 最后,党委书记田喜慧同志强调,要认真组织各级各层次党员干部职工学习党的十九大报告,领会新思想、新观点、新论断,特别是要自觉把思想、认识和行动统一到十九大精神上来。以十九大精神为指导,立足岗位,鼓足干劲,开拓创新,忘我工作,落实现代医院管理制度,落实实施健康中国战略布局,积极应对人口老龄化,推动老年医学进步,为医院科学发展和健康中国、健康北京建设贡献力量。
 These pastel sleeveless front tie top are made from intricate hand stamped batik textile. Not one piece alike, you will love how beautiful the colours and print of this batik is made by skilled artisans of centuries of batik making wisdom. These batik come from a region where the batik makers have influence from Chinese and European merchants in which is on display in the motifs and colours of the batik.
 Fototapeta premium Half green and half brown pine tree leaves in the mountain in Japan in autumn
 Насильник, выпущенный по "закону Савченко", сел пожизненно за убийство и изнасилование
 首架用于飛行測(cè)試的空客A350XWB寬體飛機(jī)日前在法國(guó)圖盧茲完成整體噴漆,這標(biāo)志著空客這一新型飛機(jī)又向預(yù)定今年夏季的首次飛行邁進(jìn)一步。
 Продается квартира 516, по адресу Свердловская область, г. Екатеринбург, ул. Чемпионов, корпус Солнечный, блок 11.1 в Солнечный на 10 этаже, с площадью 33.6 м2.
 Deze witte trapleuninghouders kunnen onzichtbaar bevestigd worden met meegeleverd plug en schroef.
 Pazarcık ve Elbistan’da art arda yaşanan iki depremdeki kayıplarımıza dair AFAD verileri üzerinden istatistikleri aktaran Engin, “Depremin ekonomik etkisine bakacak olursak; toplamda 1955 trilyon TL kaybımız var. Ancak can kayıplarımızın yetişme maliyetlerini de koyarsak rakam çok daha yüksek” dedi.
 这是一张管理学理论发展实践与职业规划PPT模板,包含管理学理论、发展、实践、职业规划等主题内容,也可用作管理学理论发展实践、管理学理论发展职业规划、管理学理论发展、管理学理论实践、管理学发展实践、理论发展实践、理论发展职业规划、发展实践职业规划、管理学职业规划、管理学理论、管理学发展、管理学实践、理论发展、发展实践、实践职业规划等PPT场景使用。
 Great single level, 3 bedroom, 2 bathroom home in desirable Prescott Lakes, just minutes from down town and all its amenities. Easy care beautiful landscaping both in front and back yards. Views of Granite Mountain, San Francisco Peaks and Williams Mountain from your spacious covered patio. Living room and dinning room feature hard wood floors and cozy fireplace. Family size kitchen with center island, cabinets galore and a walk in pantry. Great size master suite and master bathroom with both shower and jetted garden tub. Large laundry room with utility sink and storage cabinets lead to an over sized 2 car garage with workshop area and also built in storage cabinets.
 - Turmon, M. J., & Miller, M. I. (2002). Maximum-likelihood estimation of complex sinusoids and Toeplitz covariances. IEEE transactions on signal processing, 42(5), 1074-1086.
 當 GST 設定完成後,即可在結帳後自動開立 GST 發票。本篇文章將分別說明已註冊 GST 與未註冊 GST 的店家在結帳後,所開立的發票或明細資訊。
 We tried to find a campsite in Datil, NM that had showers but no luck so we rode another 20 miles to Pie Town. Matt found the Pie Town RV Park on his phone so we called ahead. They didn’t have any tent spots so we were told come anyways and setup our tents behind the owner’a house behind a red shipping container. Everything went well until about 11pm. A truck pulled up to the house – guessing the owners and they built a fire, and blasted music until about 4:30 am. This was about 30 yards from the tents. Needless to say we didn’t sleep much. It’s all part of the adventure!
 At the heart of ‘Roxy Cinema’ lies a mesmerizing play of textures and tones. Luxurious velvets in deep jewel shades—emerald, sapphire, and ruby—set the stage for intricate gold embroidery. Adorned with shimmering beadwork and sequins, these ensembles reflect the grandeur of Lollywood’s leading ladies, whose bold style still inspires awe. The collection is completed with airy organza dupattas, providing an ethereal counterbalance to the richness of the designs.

WHAT YOU WILL DO: What you output must match the lines from the beginning of the material through the line with "首架用于飛行測(cè)試的空" exactly, both ends included.

ANSWER TO THE PROBLEM:
 最后,党委书记田喜慧同志强调,要认真组织各级各层次党员干部职工学习党的十九大报告,领会新思想、新观点、新论断,特别是要自觉把思想、认识和行动统一到十九大精神上来。以十九大精神为指导,立足岗位,鼓足干劲,开拓创新,忘我工作,落实现代医院管理制度,落实实施健康中国战略布局,积极应对人口老龄化,推动老年医学进步,为医院科学发展和健康中国、健康北京建设贡献力量。
 These pastel sleeveless front tie top are made from intricate hand stamped batik textile. Not one piece alike, you will love how beautiful the colours and print of this batik is made by skilled artisans of centuries of batik making wisdom. These batik come from a region where the batik makers have influence from Chinese and European merchants in which is on display in the motifs and colours of the batik.
 Fototapeta premium Half green and half brown pine tree leaves in the mountain in Japan in autumn
 Насильник, выпущенный по "закону Савченко", сел пожизненно за убийство и изнасилование
 首架用于飛行測(cè)試的空客A350XWB寬體飛機(jī)日前在法國(guó)圖盧茲完成整體噴漆,這標(biāo)志著空客這一新型飛機(jī)又向預(yù)定今年夏季的首次飛行邁進(jìn)一步。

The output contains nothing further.